Hello @gigony, to your questions:
1- Yes. Please find here a Hyperspectral Geotiff from Hyperion. 242 bands.
2- Yes, although we are looking for a complete GPU end-to-end pipeline, for now, we are trying to figure out the red arrow A in the attached reference pipeline. To be clear, we need a solution to read the geotiff file in memory into a cupy array through GPU.
3- I will follow up with the metadata soon, which refers to red arrow B, a different beast that requires some deep thinking.
from cucim.
Hi @Terra4m, I wonder if there is a sample GEOTIFF file available public that can represent images you are handling. Would like to use it as a reference image to work on.
Looks like what your team is focusing on is loading(tif2array()
) part of the code.
Is it correct?
(Update: looks like you also want to convert the array into GEOTTIFF).
I wonder if there are other GEOTIFF-specific metadata/geotransform that you would like cuCIM to handle and which compression method (jpeg/deflate/LZW/packbits) do you usually use in GEOTIFF file?
def tif2array(input_file, calc_gain=True):
"""
read GeoTiff and convert to numpy.ndarray.
Inputs:
input_file (str) : the name of input GeoTiff file.
calc_gain (bool) : wheter calc GAIN to DN or not (defaul:True).
return:
image(np.array) : image for each bands
dataset : for gdal's data drive.
"""
dataset = gdal.Open(input_file, gdal.GA_ReadOnly)
# Allocate our array using the first band's datatype
image_datatype = dataset.GetRasterBand(1).DataType
image = np.zeros((dataset.RasterYSize, dataset.RasterXSize, dataset.RasterCount),
dtype=float)
if calc_gain == True:
# get gain
gain = get_gain_band(input_file)
# Loop over all bands in dataset
for b in range(dataset.RasterCount):
# Remember, GDAL index is on 1, but Python is on 0 -- so we add 1 for our GDAL calls
band = dataset.GetRasterBand(b + 1)
# Read in the band's data into the third dimension of our array
if calc_gain == True:
# calc gain value for each bands
image[:, :, b] = band.ReadAsArray() * gain[b]
else:
image[:, :, b] = band.ReadAsArray()
return image, dataset
from cucim.
Hi @Terra4m
I checked the file you provided. and it has a single image plane and 242 samples per pixel with no compression used.

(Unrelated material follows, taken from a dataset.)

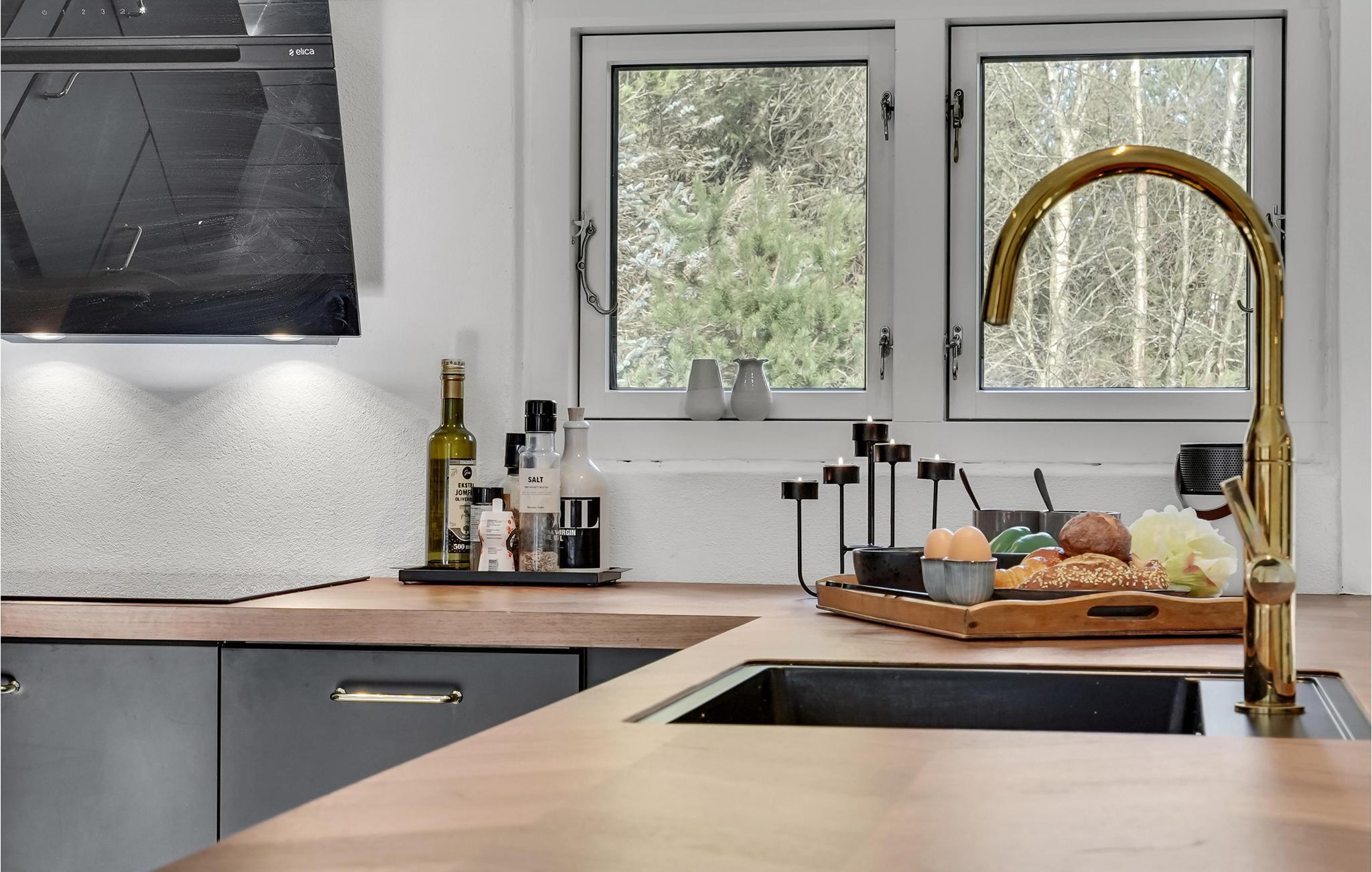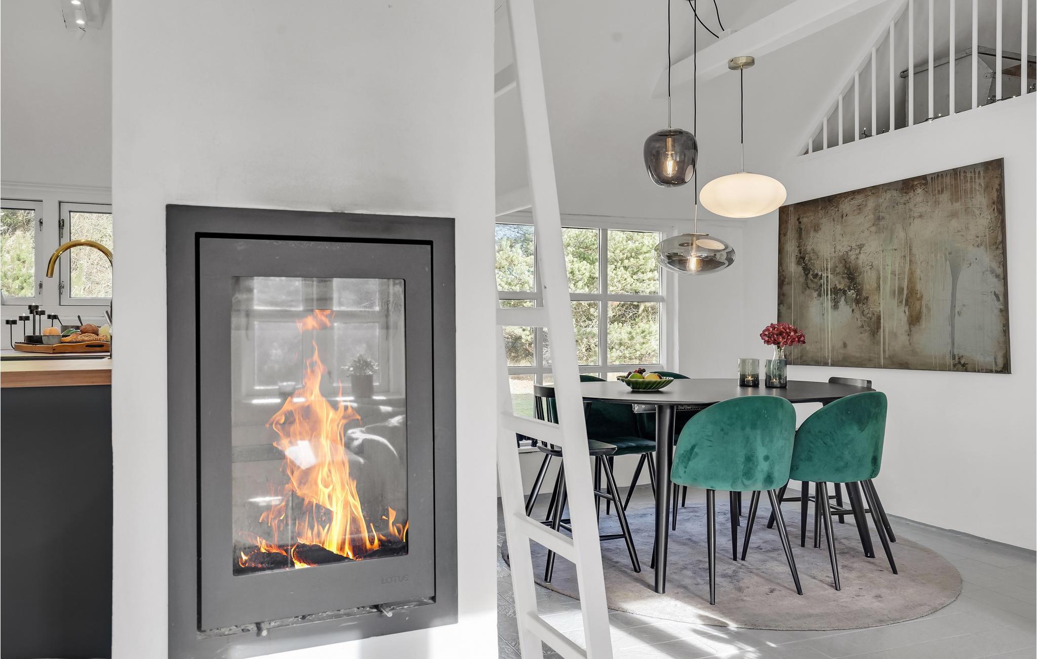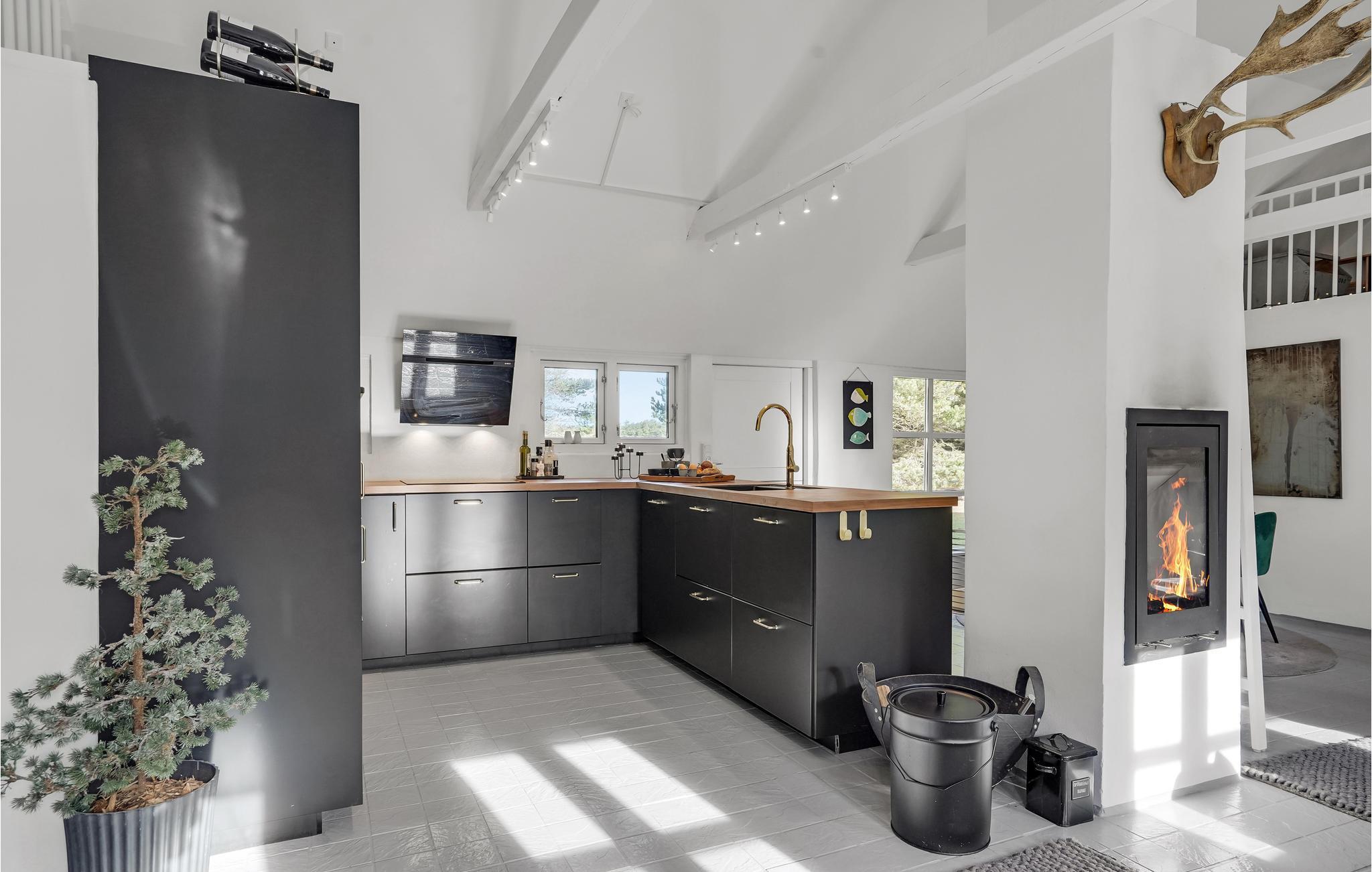 På en rolig beliggenhed, omgivet af træer og tæt på skov og strand, byder dette dejlige feriehus jer velkommen. Sammen med hele familien kan I føle jer hjemme her og blot slappe af. Komfortable og smagfulde møbler af høj kvalitet skaber sammen med de høje lofter en fantastisk atmosfære, der indbyder til madlavning, spisning, leg eller blot afslapning sammen. Den rummelige træterrasse er også et fantastisk sted at nyde solen udendørs og afslutte varme sommeraftener med en grill.

- Image Width: 1341 Image Length: 3461
- Bits/Sample: 16
- Sample Format: signed integer
- Compression Scheme: None
- Photometric Interpretation: min-is-black
- Samples/Pixel: 242
- Rows/Strip: 1
- Planar Configuration: single image plane
TIFF data with no compression is what cuFile (GPUDirectStorage) can help if the image file is in a GDS-supported storage device (NVMe SSD, etc.).

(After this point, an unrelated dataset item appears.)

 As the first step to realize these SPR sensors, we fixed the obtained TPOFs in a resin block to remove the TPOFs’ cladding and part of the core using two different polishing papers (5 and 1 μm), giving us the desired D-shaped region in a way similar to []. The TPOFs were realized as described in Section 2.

Even with GDS, its performance would not that much. You can expect 15%~30% gain to directly load the 3d array into GPU memory (CuPy Array)
Could you please share your use cases regarding loading GeoTIFF image?
For example.
- Reading whole image into the memory and process the image (usually inference use case when image size fit to the system/GPU memory)
- Reading image patches from random files and image locations into the memory and feed into AI model (usually Training use case)
Looks like the part of the code fits to case 1.
If it is the case of 1), there is also another solution you can exploit -- using tifffile (github). It can load basic GeoTIFF into numpy array and can read basic metadata from GeoTIFF.
Using tifffile and CuPy, I was able to get 10x gain compared with the existing solution (to execute tif2array
method)
- 4.41s (including 1.1s to load/convert whole image to a numpy array. the rest time is for converting to CuPy array and applying gain) vs 48.1s, on my local machine[AMD Ryzen 5 3600XT 6-Core Processor 3.80 GHz, GTX 3090] on NVMe SSD )
And I would like to mention that, cuCIM team can schedule to implement the feature that loads GeoTIFF images with multi-samples per pixel
or multi bands(channels)
and that supports both use cases (reading whole image and part of images). However, the team needs to discuss when we start implement the feature because there are other tasks scheduled (we will publish the roadmap once determined). I think you can expect ~15% improvements with GDS for this sample image and ~10% additional gain by using cuCIM instead of tifffile because there is not much optimized regarding loading RAW/uncompressed image data.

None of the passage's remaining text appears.